#### Work instruction
Every line below from the one with "condition. Please preview." through the one with "先は尖りますが、芒になりません(微妙なものもありました) | ||" should be retyped exactly, both ends included; no other lines and no pictures.

#### Input data
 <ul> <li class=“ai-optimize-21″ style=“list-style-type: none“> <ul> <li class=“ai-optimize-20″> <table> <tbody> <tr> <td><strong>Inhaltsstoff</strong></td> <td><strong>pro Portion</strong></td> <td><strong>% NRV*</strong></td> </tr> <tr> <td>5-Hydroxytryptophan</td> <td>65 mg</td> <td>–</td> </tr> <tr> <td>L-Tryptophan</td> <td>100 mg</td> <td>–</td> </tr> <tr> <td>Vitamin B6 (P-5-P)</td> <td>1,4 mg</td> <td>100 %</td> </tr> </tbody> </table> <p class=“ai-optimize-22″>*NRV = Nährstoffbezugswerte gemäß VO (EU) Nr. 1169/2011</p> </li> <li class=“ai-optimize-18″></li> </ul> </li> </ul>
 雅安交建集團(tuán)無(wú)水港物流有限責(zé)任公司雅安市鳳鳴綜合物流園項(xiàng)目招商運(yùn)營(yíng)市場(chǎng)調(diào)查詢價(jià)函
--
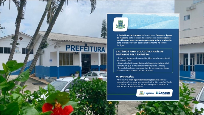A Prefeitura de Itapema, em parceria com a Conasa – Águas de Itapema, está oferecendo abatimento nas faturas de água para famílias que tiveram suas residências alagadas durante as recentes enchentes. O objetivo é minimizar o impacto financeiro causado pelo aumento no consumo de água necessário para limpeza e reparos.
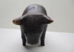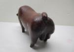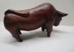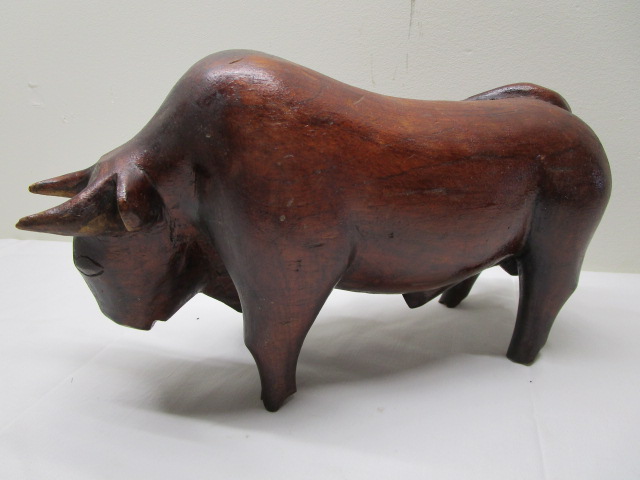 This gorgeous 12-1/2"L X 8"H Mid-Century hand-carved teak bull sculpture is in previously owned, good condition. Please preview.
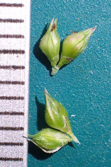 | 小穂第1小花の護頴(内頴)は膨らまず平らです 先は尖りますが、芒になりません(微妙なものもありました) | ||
...
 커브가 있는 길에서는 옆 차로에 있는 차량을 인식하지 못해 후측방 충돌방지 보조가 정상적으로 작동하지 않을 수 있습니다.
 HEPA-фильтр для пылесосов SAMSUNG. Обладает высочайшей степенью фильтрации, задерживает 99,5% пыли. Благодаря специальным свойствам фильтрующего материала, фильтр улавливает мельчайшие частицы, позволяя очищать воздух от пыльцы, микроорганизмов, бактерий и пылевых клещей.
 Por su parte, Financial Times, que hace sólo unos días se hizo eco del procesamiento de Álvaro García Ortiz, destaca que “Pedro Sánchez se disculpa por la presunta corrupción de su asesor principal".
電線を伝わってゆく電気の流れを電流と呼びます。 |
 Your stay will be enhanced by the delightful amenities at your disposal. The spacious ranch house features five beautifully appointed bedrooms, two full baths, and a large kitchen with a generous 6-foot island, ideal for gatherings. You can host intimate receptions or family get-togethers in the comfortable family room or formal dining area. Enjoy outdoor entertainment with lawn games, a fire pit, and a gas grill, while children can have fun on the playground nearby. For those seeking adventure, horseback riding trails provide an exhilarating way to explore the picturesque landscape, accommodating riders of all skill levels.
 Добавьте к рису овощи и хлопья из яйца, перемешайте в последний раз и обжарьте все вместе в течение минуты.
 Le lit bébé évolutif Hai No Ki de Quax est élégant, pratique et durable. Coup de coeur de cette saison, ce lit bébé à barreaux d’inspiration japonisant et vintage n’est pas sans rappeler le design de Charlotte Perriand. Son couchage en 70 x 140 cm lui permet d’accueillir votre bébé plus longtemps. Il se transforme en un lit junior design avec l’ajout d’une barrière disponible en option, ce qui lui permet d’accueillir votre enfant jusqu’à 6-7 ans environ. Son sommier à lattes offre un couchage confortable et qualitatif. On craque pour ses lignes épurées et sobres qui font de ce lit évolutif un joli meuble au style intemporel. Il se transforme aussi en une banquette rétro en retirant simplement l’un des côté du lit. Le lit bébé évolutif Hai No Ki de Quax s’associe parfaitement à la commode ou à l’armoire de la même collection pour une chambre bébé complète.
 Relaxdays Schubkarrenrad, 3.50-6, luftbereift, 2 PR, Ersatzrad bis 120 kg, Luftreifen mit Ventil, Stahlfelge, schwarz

#### Expected answer
 This gorgeous 12-1/2"L X 8"H Mid-Century hand-carved teak bull sculpture is in previously owned, good condition. Please preview.
 | 小穂第1小花の護頴(内頴)は膨らまず平らです 先は尖りますが、芒になりません(微妙なものもありました) | ||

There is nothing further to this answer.